Design Rationale

Why are you using Ajax/DHTML and not a Firefox plugin or a server-side approach?

Mainly for ease of installation.

Writing a Firefox plugin isn't necessary to do what we want to do. By using Ajax/DHTML, installing HyperScope boils down to putting some static files on your server. Using Ajax/DHTML also allows us to support other browsers, such as Internet Explorer.

The HyperScope does require a web server -- see below for details. However, it does not require a server-side application... yet. One reason we avoided implementing some of HyperScope's capabilities on the server-side was that many of its features require a fast interactive response time. One of the original insights of the Augment system was that if you speed up the amount of interaction a user can do with a system, then you can drastically improve their ability to do knowledge work.

In the future, HyperScope will need a server-side component to implement some additional capabilities, such as editing.

Why OPML and not HTML, XOXO, semantic HTML, or your own XML file format?

Rolling our own would have been silly. There are already good formats that meet our needs. Our goal is to bootstrap.

The reasons we did not choose HTML, XOXO, or semantic HTML are subtle. Brad did a lot of prototyping before settling on a design and discovered some issues when experimenting with an an HTML version of the file-format on the client:

OPML exists and has a large community of users and tools, including editors, converters, web services etc. Although we lightly sprinkle our own namespaced attributes into the OPML document to support extra addressing types, HyperScope will work with existing, non-HyperScope OPML documents.

Why do the full pipeline everytime?

Brad (our lead developer) chose correctness over performance. Every relative address is converted into a fully qualified address, which has enough information to fully render it using the current state. For example, if you were to enter #.n:zA for Jump to Item after successively applying the following viewspecs on seperate occasions: y, m, B, P, g, and after jumping to node ID 023, where the current document is http://bootstrap.org/hyarch.opml, this would get expanded to be the following by hs.address.Address.resolve():

  http://bootstrap.org/hyarch.opml#023.n:ymBPgzA

We expanded the file portion from # to:

  http://bootstrap.org/hyarch.opml#

then expanded the context node to start at 023, then prepended all of our existing viewspecs before our new ones to ensure that old views are maintained even with relative links.

The pipeline internally encapsulates this complexity with the resolve() method. Since everything follows the same process, we reduce the number of code paths to get higher reliability, and we create a single place to optimize the performance which will benefit all address resolution. The unit tests work hand in hand with this to make sure we don't get regressions and handle all cases correctly.

Why don't you support cross-domain document loading?

The browser has a security policy that does not normally allow a document from one domain to interact with documents from another domain. In other words, you cannot open an XMLHttpRequest to a different domain than where you came from.

There is an edge condition related to transclusion that on its surface seems like it needs a traditional server-side component to get past this browser restriction. Suppose you have a document that does some transclusion on a document on another domain:

  INCLUDE "http://someotherdomain.org/foobar.opml#055"

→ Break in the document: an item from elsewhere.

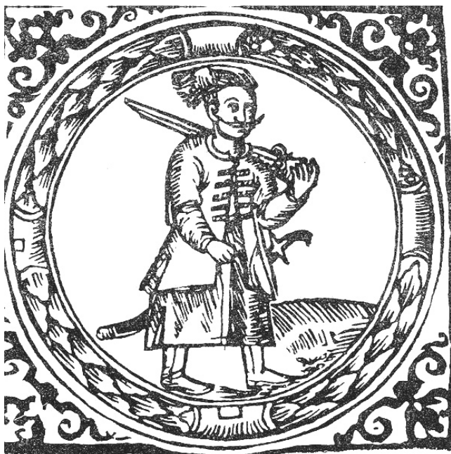
Герб Війська Запорозького

З 15 по 17 червня 1621 р. в урочищі Суха Діброва відбувалася козацька рада, на якій вирішувалося питання про участь у поході проти турецької армії. На ній був присутній київський митрополит Йов Борецький, королівський посол Бартоломей Обалковський і ксьондз Оборницький. Митрополит виступив на раді з великою промовою, охарактеризувавши становище православ'я в Україні, від чого, за словами сучасника «гнівом сповнилися козацькі серця». Після цього Петро Сагайдачний зачитав грамоту патріарха Феофана. Наявність багатотисячного козацького війська змусила ксьондза Оборницького відзначити в своєму щоденнику: «Потрібно побоюватися, як би справа не дійшла до повстання, до селянської війни. Дуже вони тут розхвилювалися і все більше зростає їх свавілля, коли побачили вони себе в такій чисельності і силі» 78 . На раді козаки згодилися

If the HyperScope document was served from http://foobar.com, then I would get a security exception when I tried to open an XMLHttpRequest to that other domain to grab the transcluded fragment and include it at rendering time.

There are two solutions for this. The easiest/most obvious solution would be to have a simple PHP script that simply proxies the OPML file request. This has to be written carefully so you don't have a completely open proxy, but if you restrict it to just fetching XML MIME types then you are fine. HyperScope simply calls this PHP script, which lives on the same host as it was retrieved from, and the proxy contacts the external domain. This is a mature and traditional way to do things.

Another possibility would be to run several web services from some centralized server. One of them could take a third-party URL and fetch it's contents, then return it. It would basically be the PHP script described above, and would only return XML/OPML:

  http://bootstrap.org/hyperscope/proxy.php?url=http://foobar.com/arch.opml

The other web service would be a converter that would translate different file formats into HyperScope OPML documents. It would take a URL to some external content that is in some format, such as Microsoft Word, XOXO, arbitrary XML, etc., and simply convert it into HyperScope OPML on the fly and return it:

  http://bootstrap.org/hyperscope/convertor.php?url=http://w3c.org/xpath_spec.html

This PHP script would simply delegate conversion locally using tools such as a headless version of OpenOffice running locally. HyperScope would simply use these webservices to get its job done, including transclusion, document conversion, etc. Those who want to install HyperScope now don't have to install anything on the server-side except for uploading a few static files.

How can the browser call these web services with the browser security policy described above if it is served from a different host? We use something called FlashXmlHttpRequest, which Julien Couvreur created and which uses the dojo.flash library Brad created for another project. This uses a feature of flash which can call external webservices if they configure themselves correctly, which basically just means putting a simple file called crossdomain.xml at their root with some info:

  http://bootstrap.org/crossdomain.xml

Now our HyperScope client can call our webservices using FlashXmlHttpRequest, getting back normal XML/OPML that we can work with.